If I must disclose my funding, everyone else must too, Ramaphosa tells Malema

Cyril Ramaphosa and Julius Malema. Picture: EFF/Twitter

Cyril Ramaphosa and Julius Malema. Picture: EFF/Twitter

The president conceded that the debate surrounding political funding is ‘important’, but said some of those sharing leaked CR17 information have ‘sinister motives’.

At a question-and-answer session in parliament on Thursday, President Cyril Ramaphosa responded to a question from Economic Freedom Fighters (EFF) leader Julius Malema on whether or not he will fully disclose all the funding details surrounding his successful CR17 campaign for the ANC presidency.

Ramaphosa said it would be unfair for him to be made to do so “until such time as all candidates are held to the same requirements of disclosure and transparency”.

The president said the funding of political campaigns is an “important matter”, but added that some of those who have been sharing leaked information from his campaign have a “sinister motive” and are trying to undermine positive change in the country.

The CR17 campaign was a “forward looking” campaign, and there was no wrongdoing involved in it, the president added.
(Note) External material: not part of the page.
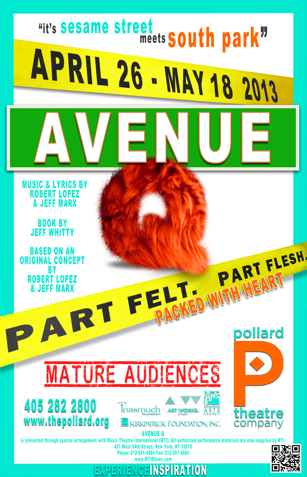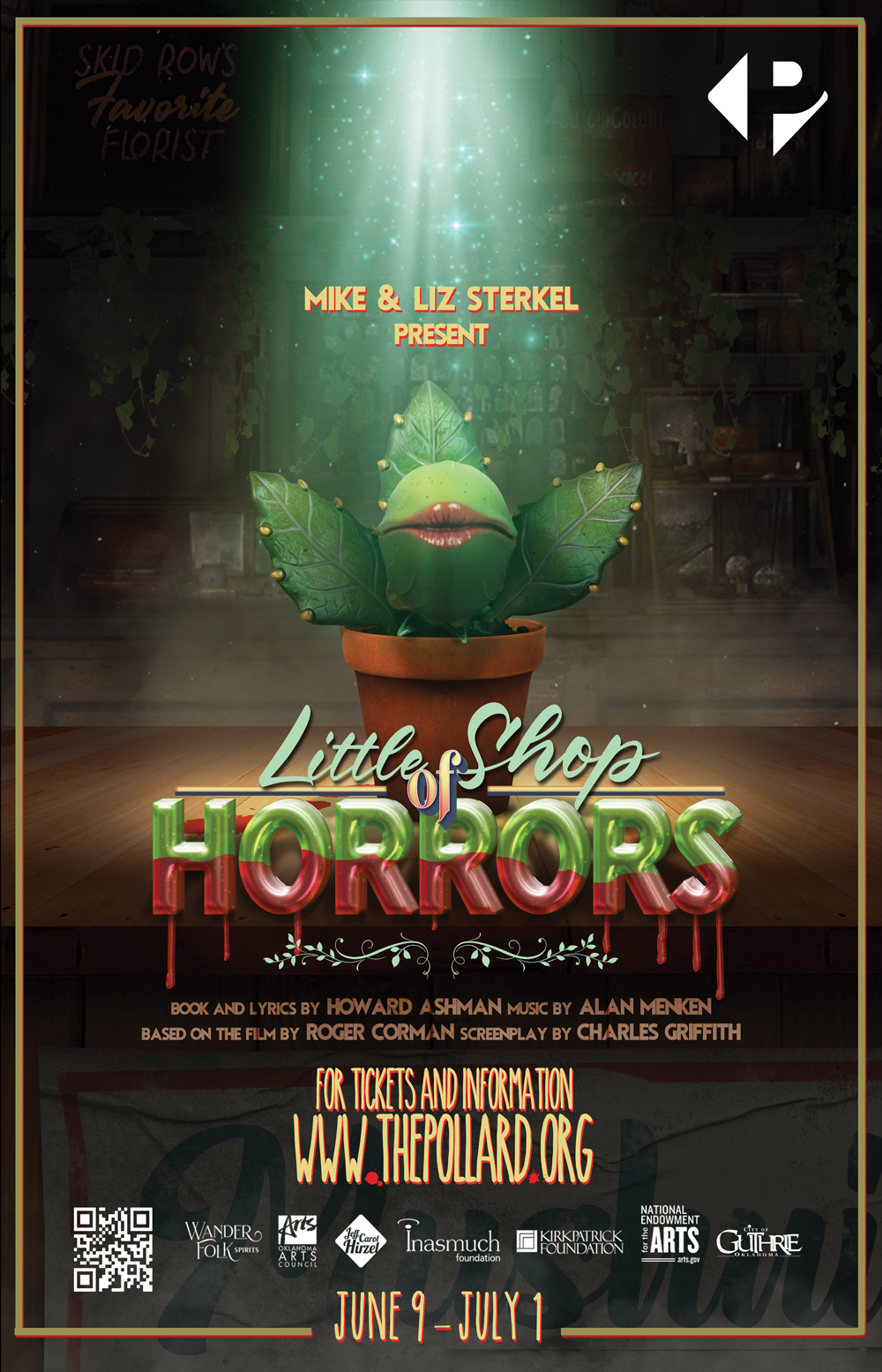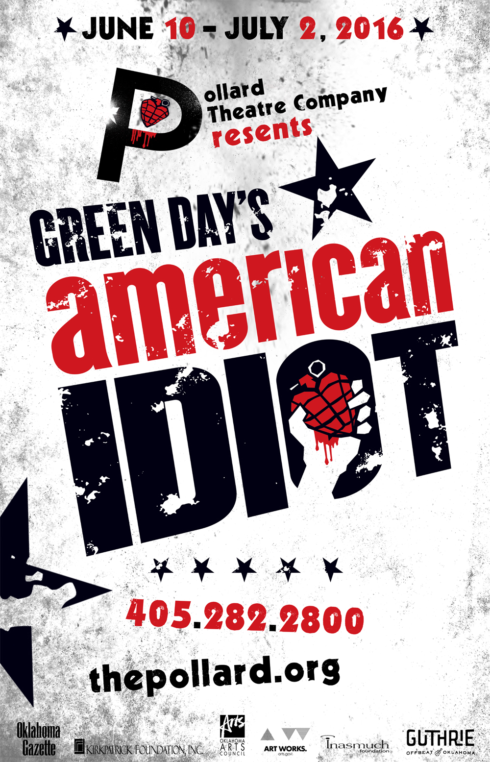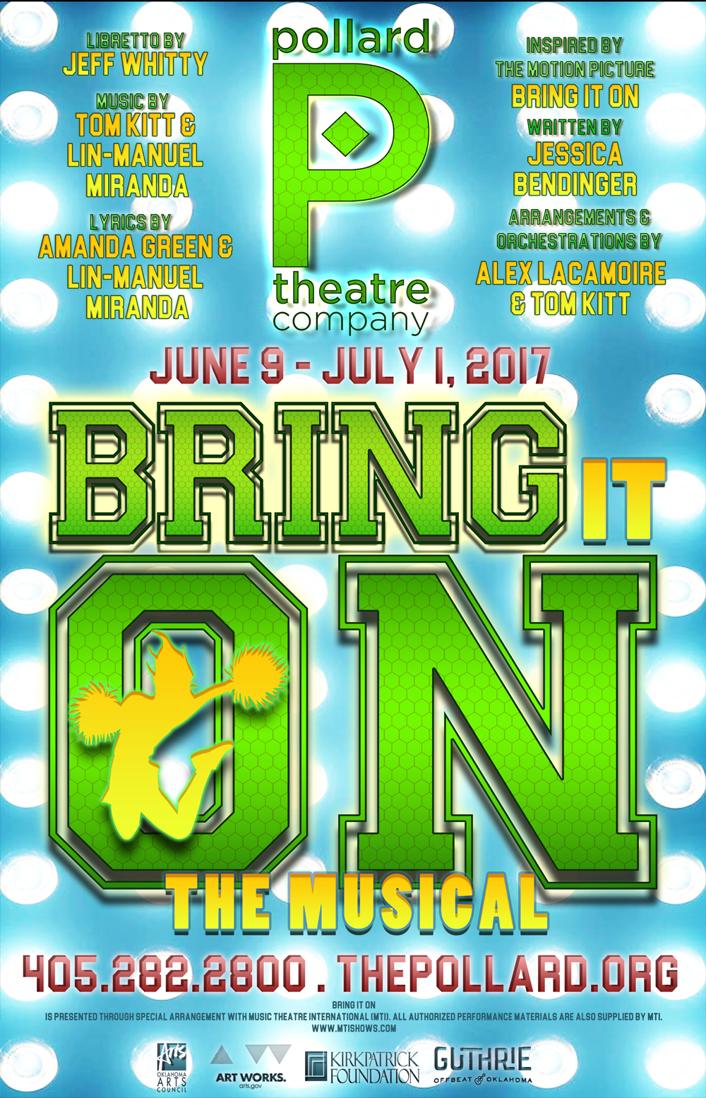 Pollard Theatre Company is a 501 (c)(3) nonprofit, whose mission is to produce professional theatre that engages and inspires Oklahoma’s audiences, and contributes to the quality of life and economy of our community and state. Additional assistance is provided by the Oklahoma Arts Council and the National Endowment for the Arts.

He also said it was “undertaken under difficult conditions”.

“In its funding and its activities, there was no wrongdoing, no criminality and no abuse of public resources,” he said.

Ramaphosa also brought up the Political Party Funding Act, which he signed into law earlier this year, stating that it “does regulate public and private funding of political parties and requires the disclosure of donations accepted”.

He added, thought that the Act “does not extend to the funding of internal party leadership contests” such as his CR17 campaign, which resulted in him becoming president of first the governing party, then the country.

READ MORE: Ramaphosa in hot seat today over CR17 funding, ethics code

The president said that he was open to a discussion on whether funding of “internal party contests” should be made transparent.

“This is perhaps the appropriate time for this House to consider whether it is necessary and desirable for funding of internal party contests to be regulated,” he said.

Before this, Ramaphosa expressed the view that those who contributed to the CR17 campaign did nothing wrong.

“Those who contributed to the campaign – whether as organisers, volunteers, service providers or donors – did so out of a genuine concern for the future of the country,” he said.

“If there were members of the executive who were part of the campaign and were involved in fundraising, they did so as individual party members exercising their democratic and constitutional right. They owe no apology for what they did.”

In addition to there being “no rules or regulations in place for the disclosure of donations for internal party leadership contests” as it stands, Ramaphosa said that there also isn’t “a provision for the disclosure of such information in the Executive Ethics Code or in the Code of Ethical Conduct and Disclosure of Members’ Interests for Assembly and Permanent Council Members”.